Тюремные записки | страница 67



Я попробовал сказать:

— Дам адрес, напишите жене и она пришлет какие-то деньги.

— Не надо.

Однажды я его не то что обидел, но заметно огорчил. Он попросил сочинить стихотворное поздравление с днем рождения. Не сказал для кого. Я придумал три-четыре стихотворных строфы, но решил, что умеренное использование тюремного жаргона будет для него близким и привычным, но он мне сказал:

— Я не этого хотел — обида была в его голосе.

Я предложил переделать, но он сказал — «не надо».

Небольшой запас сил, благодаря паре завтраков, очень мне пригодился в камере. Впервые я оказался с откровенно опасным соседом, явно получившим заказ задавить меня из оперчасти, хотя и изображавшим из себя необычайно авторитетного члена воровского мира. Еще не вора, но почти. Но оперативники его посылавшие, да и он сам уже явно преувеличивали мою неопытность. Из разговоров и в Ярославской тюрьме и в больнице я уже знал, хотя и не встречал этого, что длинная царапина во всю щеку — мета для тех, кто на воровских разборках признан серьезно нарушившим понятия. Еще не опущенным за это, но уже отмеченным для оценки следующего и последнего нарушения. Сосед мой сразу увидел, что я смотрю на его царапину и нервно засмеялся:

— Что думаешь, скажу как все, что это кот поцарапал? Меня отметили за беспредел в камере, но это было давно и все забыто.

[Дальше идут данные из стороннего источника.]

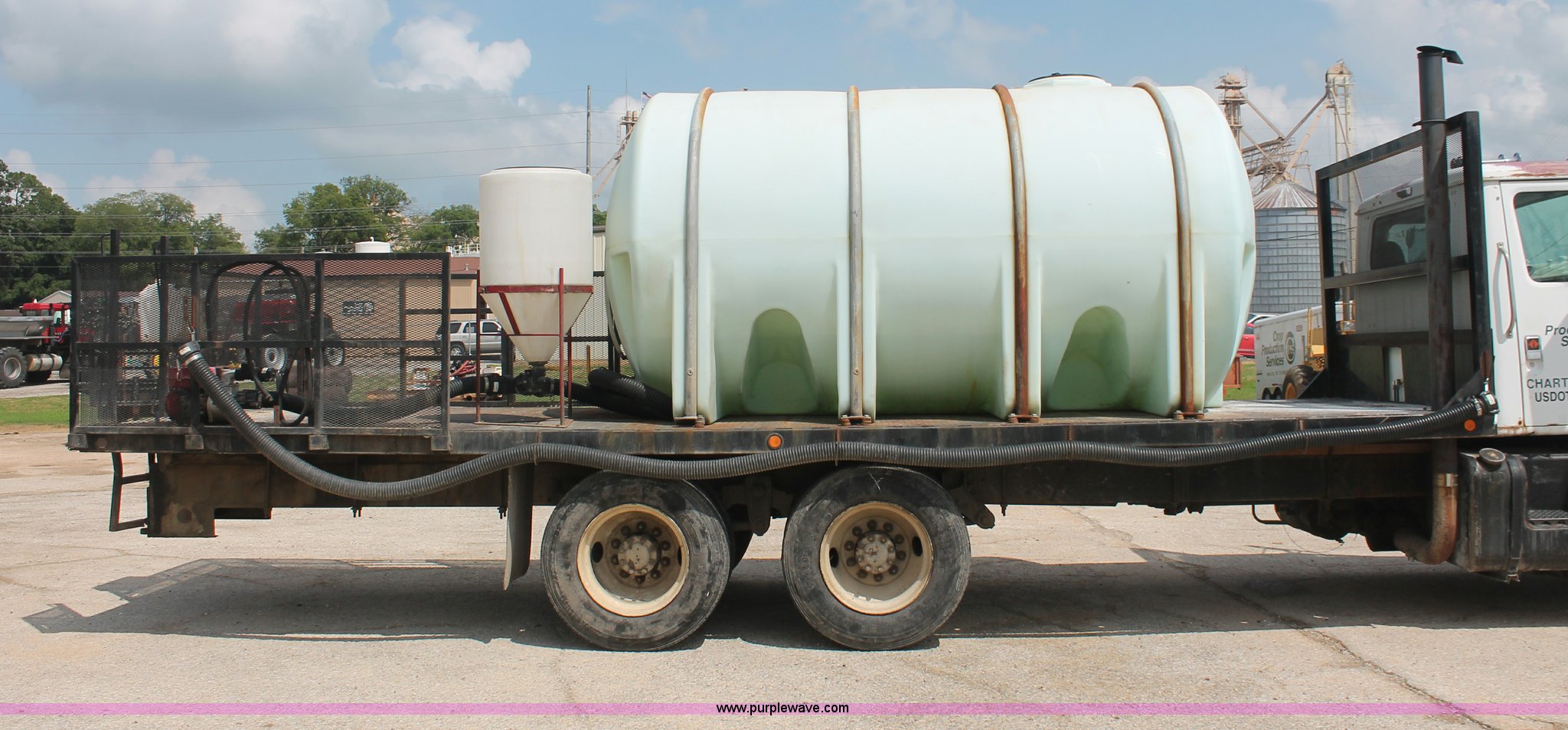 1988 International F-2375 flatbed water truck. 101,291 miles on odometer, Cummins L10 10.0L L6 diesel engine, Manual transmission, Heat, Radius CB radio, 25'L x 96"W flatbed 3,500 gallon poly tank, 60 gallon induction tank, 5.5 HP water pump, 3.5" plumbing, 3'H mess gate, Dual fuel tanks, Single rear exhaust stack, Pintle hitch, Trailer wiring, Spring suspension, Air brakes, 220" wheelbase, 295/75R22.5 tires, GVWR 52,000 lbs, FAWR 12,000 lbs, IAWR 20,000 lbs, RAWR 20,000 lbs, Windshield cracked, Unit# 51089. Title distribution may be delayed up to 30 days from verification of funds. 1HSZEGGR4JH531914. Shipping quotes available. Crop Production Services - Union City. 530 N 5th Street. Union City, TN 38261

Я знал, что такая царапина не забывается и это навсегда, но не спорил. Но соседа — он был невысоким но мощным армянином из Средней Азии — этот, почти первый наш разговор очень распалил. Опыт и уголовный и лагерно-тюремный у него явно был очень большой и сперва, чтобы убедить меня в том, что он не фуфлыжник, то есть не отдавший картежный долг, развлекал меня рассказами о том, как проиграв все ставят на кон свое ухо и если проигрывают, то ухо отрезают. Но поскольку человек без уха, хотя и не фуфлыжник, но человек меченый, безухий старается как может ухо свое отыграть и если это ему удается носит ухо всегда с собой, за поясом. Но это в основном в Средней Азии. И теперь я уже не вполне уверен, но мне кажется, что в Челябинской пересылке я и впрямь с удивлением увидел кого-то безухого.

Второй длительный его рассказ был не то что хуже, но конкретнее потому что касался молодого довольно безобидного осетина, с которым я был в одной камере два месяца назад. Мне он жаловался, что на всю Осетию теперь не осталось ни одной мечети. Но оказывается после меня к осетину посадили нынешнего моего соседа и он мне рассказывал, явно стараясь запугать меня, как он его затравил, постоянно доказывая, что в каждом его слове и действии он всегда неправ, всегда нарушал воровские законы и вообще ему не место среди правильных зеков и в правильной хате. Осетин был довольно тихий, возражать его агрессивному напору не умел, правда, из камеры ломиться не стал, но затравлен был так, что сам лег к двери на матрац. А в этот день их повели в баню, осетин вымылся и сам склонился и сказал — «еби».